The pet name is mocking, but it curls inside my stomach, warm and heavy. "I'm in Grizzly Peak. I know the reputation."

"Reputation," he echoes. He shifts the axe in his hand. The muscles in his forearm flex, ropey and hard. "You think you know? You drive your little yellow toy up here, looking like..." He trails off, his eyes locking on my hair, then my face. "Looking like trouble."

"I'm not trouble," I lie. I am trouble. I’m a mess. But I’m a determined mess. "I’m an artist. I’m just trying to make rent."

"An artist," he deadpans. "Great. Just what we need. Finger paints and feelings."

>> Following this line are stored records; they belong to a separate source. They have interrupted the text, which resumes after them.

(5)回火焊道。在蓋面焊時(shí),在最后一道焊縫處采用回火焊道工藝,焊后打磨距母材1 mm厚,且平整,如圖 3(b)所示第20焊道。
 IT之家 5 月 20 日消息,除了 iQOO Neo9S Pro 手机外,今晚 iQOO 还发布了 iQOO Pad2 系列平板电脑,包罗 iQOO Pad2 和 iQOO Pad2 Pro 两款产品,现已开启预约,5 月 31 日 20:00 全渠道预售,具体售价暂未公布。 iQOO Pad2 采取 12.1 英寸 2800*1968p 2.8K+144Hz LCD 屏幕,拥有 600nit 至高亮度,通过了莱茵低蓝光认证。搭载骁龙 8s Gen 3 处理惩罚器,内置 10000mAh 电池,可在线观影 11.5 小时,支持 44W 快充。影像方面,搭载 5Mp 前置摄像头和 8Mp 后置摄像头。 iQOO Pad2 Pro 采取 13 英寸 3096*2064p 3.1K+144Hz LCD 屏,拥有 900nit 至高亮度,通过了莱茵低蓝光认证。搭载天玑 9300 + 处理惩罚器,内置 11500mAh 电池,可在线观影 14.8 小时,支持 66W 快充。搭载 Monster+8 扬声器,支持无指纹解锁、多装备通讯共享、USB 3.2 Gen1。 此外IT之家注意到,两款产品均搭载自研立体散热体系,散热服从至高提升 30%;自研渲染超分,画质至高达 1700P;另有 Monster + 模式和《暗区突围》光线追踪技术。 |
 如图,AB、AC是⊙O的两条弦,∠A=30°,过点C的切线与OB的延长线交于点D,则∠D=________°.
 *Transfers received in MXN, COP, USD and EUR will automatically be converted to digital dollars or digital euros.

"Hey," I snap, stepping forward. My anger flares, bright and hot, matching his surliness. "I don't do finger paints. And I don't need your attitude. Do you need someone to watch your kid or not? Because from the looks of this place—" I gesture vaguely at the pile of unchopped wood and the general air of masculine chaos "—you’re barely keeping it together."

His jaw tightens. A dangerous light flares in his eyes. I pushed him. I poked the bear.

Silence stretches between us, thick and suffocating. The wind howls through the trees, but neither of us looks away. The tension snaps like a live wire. My body reacts to his aggression in the most inappropriate way possible.

I’m wet. Drenched. I can feel the heat dripping between my thighs, the heavy throb of my pulse in my core as my pussy pulses, already begging for the violence I see in his eyes. I want him to stop looking at me like an intruder and start looking at me like prey.

God, Bianca, get a grip.

"Daddy?"

The small voice breaks the spell.

Shane—I assume this is Shane—doesn't flinch, but his shoulders drop a fraction of an inch. The aggression doesn't leave his face, but it shifts, becoming protective.